# ANOTHER...food question...



## kicker0927 (Oct 15, 2013)

I've been reading a whole lot about foods out there and I'm about ready to beat my head against the wall due to the varying reviews and opinions regarding EVERY option available. I am picking my puppy up in 2 weeks and NEED to choose a food. The breeder is currently feeding Nutrisource Small Breed Puppy formula, but its hard for me to find that where I live. I have looked at Orijen, but that is very expensive. I began to look at Natural Balance, TOTW, Royal Canin, and others. What do people recommend for small breed puppy formulas??? I'm assuming I want to stick to a small breed formula due to the protein contents? Thanks for your input!


----------



## lfung5 (Jun 30, 2007)

Fromm is one of the few who don't use ingredients from China. They are very very good. The only other 2 I like are Acana and Orijens as far as dry goes. Fromm is the least expensive of the 3 and has lower protein and the kibble size is small. I get my dog food from chewys website. Free shipping and great prices. Bella and Scuds are currently eating it but will soon transition to Primal, HK or Ziwipeak. Fred is on primal due to skin allergies. He started it a couple weeks ago and is doing well.

I don't feed anything with ingredients from China because of all the recalls.....even treats. Trouble with the food ratings is they don't consider where the companies source their ingredients and most get things from China. The companies I mentioned above do not. I called them myself.


----------



## SJ1998 (Feb 4, 2013)

You dont want to cheap out on the food. A small dog does not eat that much and you'll save in vet bills later. In fact you probably dont need to take the dogs to the vet in general as much as people tell you to do but that is another topic. I agree with the previous poster, you want to avoid foods from areas without heavy regulation. The US is even a little sketchy on some things.

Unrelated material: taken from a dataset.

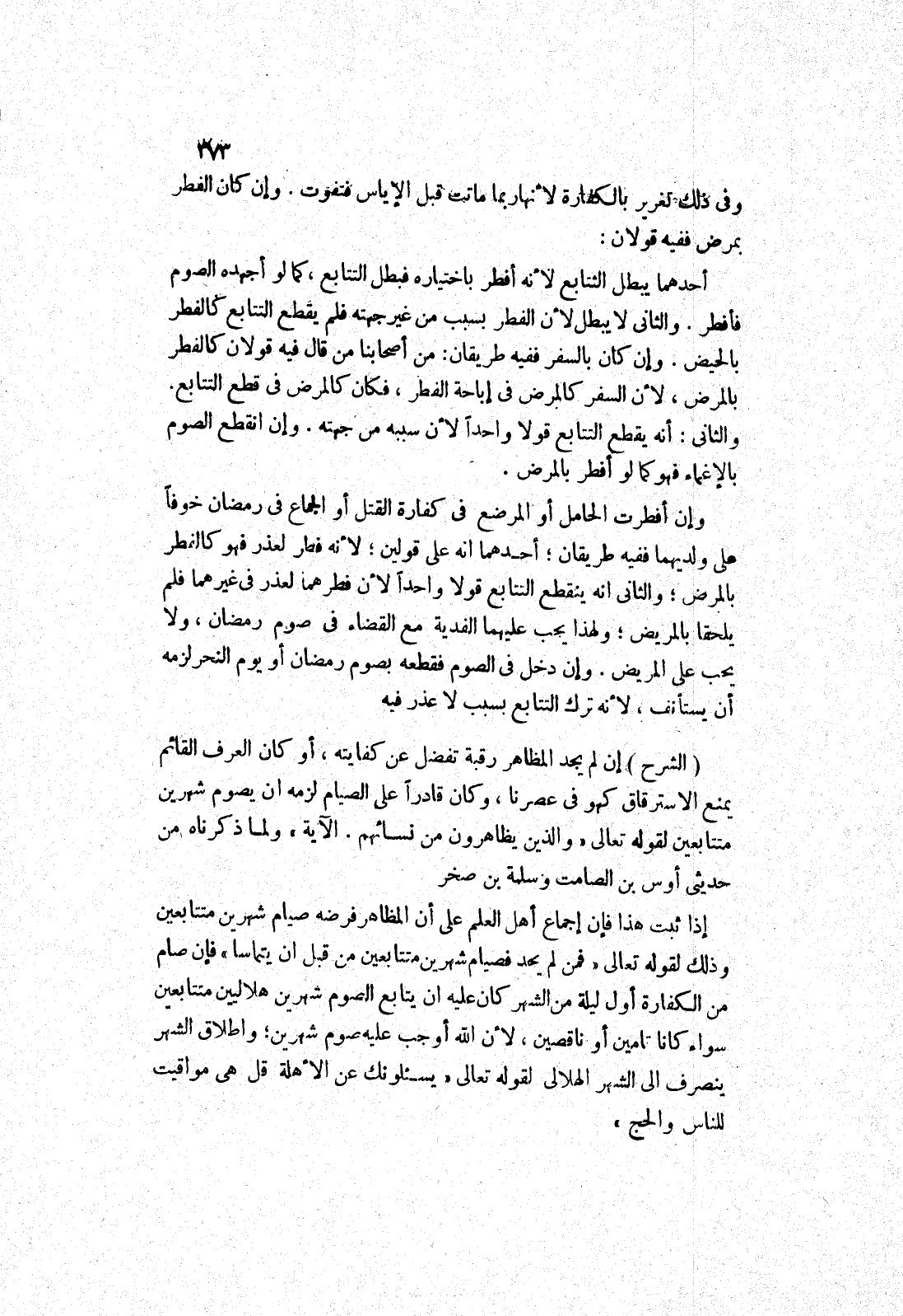 وإن دخل في الصوم فقطعه بصوم رمضان أو يوم النحر لزمه أن يستأنف، لانه ترك التتابع بسبب لا عذر فيه (الشرح) إن لم يجد المظاهر رقبة تفضل عن كفايته، أو كان العرف القائم يمنع الاسترقاق كهو في عصرنا، وكان قادرا على الصيام لزمه ان يصوم شهرين متتابعين لقوله تعالى " والذين يظاهرون من نسائهم. الآية " ولما ذكرناه من حديثى أوس بن الصامت وسلمة بن صخر إذا ثبت هذا فإن إجماع أهل العلم على أن المظاهرة فرضه صيام شهرين متتابعين وذلك لقوله تعالى " فمن لم يحد فصيام شهرين متتابعين من قبل ان يتماسا " فإن صام من الكفارة أول ليلة من الشهر كان عليه ان يتابع الصوم شهرين هلاليين متتابعين سواء كانا تامين أو ناقصين، لان الله أوجب عليه صوم شهرين، واطلاق الشهر ينصرف إلى الشهر الهلالي لقوله تعالى " يسئلونك عَنِ الأَهِلَّةِ قُلْ هِيَ مَوَاقِيتُ لِلنَّاسِ وَالْحَجِّ "

The US allows things that the EU doesnt. 

Many people on here use Honest Kitchen and adding chicken etc using recommendations from a one time consultation with Sabine. If you shop carefully home cooked is not expensive. I use a combination of Ziwi Peak and commercial raw because I am not good with doing home prepared. 

My neighbor feeds Fromm, his dog seems to do well on it. You can also sometimes get a better deal buying online either through promotions such as on wag and/or frequent buying cards.


----------



## Gibbs Mom and Dad (Jun 3, 2013)

My wife and I agonized over our food choice for a while. Our breeder was feeding a high caliber kibble. After doing my research, I decided a raw frozen was best for us. I emphasize "best for us" because I don't mean to imply it is the best. We were not going to prepare the food ourselves and I did not feel the need to consult with Sabine at that time.

We narrowed our raw frozen choice to Nature's Variety Instinct and Primal Raw. We found Primal Raw to be more economical than Natures Variety in terms of price to quantity fed. Primal has a variety of flavors we rotate:

Chicken
Duck
Pheasant
Lamb
Venison
Beef

They also have Rabbit, but Dana would probably divorce me if I fed Gibbs rabbit. She had two rabbits growing up, and in addition to other names, I call her my little "Bunny Head". 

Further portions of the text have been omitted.